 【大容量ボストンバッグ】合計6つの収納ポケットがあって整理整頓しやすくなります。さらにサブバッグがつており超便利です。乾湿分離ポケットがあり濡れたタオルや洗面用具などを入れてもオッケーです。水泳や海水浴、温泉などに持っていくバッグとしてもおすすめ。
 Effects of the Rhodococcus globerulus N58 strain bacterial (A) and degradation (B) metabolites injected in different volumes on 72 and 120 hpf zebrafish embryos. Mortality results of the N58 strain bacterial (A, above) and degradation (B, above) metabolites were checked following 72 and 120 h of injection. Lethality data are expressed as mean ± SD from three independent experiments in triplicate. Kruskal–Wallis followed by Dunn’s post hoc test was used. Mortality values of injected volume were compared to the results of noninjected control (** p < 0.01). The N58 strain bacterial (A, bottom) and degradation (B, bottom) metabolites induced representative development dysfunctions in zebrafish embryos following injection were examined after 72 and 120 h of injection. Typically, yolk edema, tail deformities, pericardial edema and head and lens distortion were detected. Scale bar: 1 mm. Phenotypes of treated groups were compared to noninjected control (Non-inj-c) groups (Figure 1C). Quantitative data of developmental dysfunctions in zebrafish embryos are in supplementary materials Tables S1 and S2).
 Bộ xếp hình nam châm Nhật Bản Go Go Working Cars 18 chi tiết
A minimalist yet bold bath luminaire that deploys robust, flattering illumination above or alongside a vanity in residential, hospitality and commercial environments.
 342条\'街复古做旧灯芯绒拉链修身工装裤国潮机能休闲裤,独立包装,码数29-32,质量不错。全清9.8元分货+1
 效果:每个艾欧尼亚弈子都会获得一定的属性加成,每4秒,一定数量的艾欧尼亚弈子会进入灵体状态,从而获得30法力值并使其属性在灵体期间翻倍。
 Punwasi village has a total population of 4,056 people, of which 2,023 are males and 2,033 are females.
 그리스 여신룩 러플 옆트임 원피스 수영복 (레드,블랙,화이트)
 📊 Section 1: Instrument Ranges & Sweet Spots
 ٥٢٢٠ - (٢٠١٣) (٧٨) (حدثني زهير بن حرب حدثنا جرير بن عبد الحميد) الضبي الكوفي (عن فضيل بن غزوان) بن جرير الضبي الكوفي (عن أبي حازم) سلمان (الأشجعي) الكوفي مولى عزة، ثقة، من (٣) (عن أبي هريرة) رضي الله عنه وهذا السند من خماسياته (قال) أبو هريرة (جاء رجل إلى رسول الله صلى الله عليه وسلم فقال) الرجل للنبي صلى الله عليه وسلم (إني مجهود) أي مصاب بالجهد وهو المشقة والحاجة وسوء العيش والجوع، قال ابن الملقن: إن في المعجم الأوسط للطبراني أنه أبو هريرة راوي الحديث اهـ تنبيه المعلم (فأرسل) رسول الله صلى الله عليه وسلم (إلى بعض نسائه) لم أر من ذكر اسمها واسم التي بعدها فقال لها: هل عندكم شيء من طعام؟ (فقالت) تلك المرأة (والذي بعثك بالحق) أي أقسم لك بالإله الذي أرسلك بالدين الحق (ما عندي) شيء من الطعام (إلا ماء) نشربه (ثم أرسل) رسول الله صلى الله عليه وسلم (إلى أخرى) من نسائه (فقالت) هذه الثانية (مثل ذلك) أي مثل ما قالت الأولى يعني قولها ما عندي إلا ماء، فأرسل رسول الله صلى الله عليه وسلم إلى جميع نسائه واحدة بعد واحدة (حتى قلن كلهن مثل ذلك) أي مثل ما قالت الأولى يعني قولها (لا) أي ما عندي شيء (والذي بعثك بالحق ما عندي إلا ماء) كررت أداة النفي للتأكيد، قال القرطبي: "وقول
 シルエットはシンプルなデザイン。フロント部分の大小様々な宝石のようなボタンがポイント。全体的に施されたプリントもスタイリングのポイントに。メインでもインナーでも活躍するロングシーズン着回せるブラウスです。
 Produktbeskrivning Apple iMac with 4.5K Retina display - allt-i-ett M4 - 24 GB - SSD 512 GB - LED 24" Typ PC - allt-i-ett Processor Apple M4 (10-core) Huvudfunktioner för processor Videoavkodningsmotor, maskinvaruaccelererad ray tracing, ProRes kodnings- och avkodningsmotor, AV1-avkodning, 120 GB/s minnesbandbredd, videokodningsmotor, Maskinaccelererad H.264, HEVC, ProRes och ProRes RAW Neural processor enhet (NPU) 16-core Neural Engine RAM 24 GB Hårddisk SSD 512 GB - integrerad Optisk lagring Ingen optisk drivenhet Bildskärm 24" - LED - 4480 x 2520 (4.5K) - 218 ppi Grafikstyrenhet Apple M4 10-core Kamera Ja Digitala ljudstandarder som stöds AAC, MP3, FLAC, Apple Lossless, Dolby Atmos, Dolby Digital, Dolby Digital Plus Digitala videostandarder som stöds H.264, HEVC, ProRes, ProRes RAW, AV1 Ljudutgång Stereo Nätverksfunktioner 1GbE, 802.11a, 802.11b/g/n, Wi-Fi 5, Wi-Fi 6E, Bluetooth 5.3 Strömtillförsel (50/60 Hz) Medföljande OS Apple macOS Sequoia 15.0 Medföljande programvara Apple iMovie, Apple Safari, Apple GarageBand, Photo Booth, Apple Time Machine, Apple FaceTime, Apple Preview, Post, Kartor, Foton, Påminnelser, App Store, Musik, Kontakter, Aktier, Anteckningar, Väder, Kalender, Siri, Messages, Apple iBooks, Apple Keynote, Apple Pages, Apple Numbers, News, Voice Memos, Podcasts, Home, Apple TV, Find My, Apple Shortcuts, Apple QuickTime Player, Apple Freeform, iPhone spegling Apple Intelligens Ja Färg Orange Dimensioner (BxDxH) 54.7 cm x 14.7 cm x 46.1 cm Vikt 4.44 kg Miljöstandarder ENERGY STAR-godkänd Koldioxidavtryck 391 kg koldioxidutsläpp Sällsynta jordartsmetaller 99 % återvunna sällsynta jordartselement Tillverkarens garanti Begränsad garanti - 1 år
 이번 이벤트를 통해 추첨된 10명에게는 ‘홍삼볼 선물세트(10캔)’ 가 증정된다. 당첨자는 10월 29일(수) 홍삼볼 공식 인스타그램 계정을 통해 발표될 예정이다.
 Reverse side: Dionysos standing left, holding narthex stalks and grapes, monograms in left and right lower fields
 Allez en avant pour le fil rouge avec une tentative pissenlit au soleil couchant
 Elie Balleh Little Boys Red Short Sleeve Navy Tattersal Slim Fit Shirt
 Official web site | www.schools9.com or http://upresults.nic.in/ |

========

:: Task instructions ::
Starting with the line that contains "Reverse side: Dionysos", output every line through the end of the listing above, unchanged.

:: Task result ::
 Reverse side: Dionysos standing left, holding narthex stalks and grapes, monograms in left and right lower fields
 Allez en avant pour le fil rouge avec une tentative pissenlit au soleil couchant
 Elie Balleh Little Boys Red Short Sleeve Navy Tattersal Slim Fit Shirt
 Official web site | www.schools9.com or http://upresults.nic.in/ |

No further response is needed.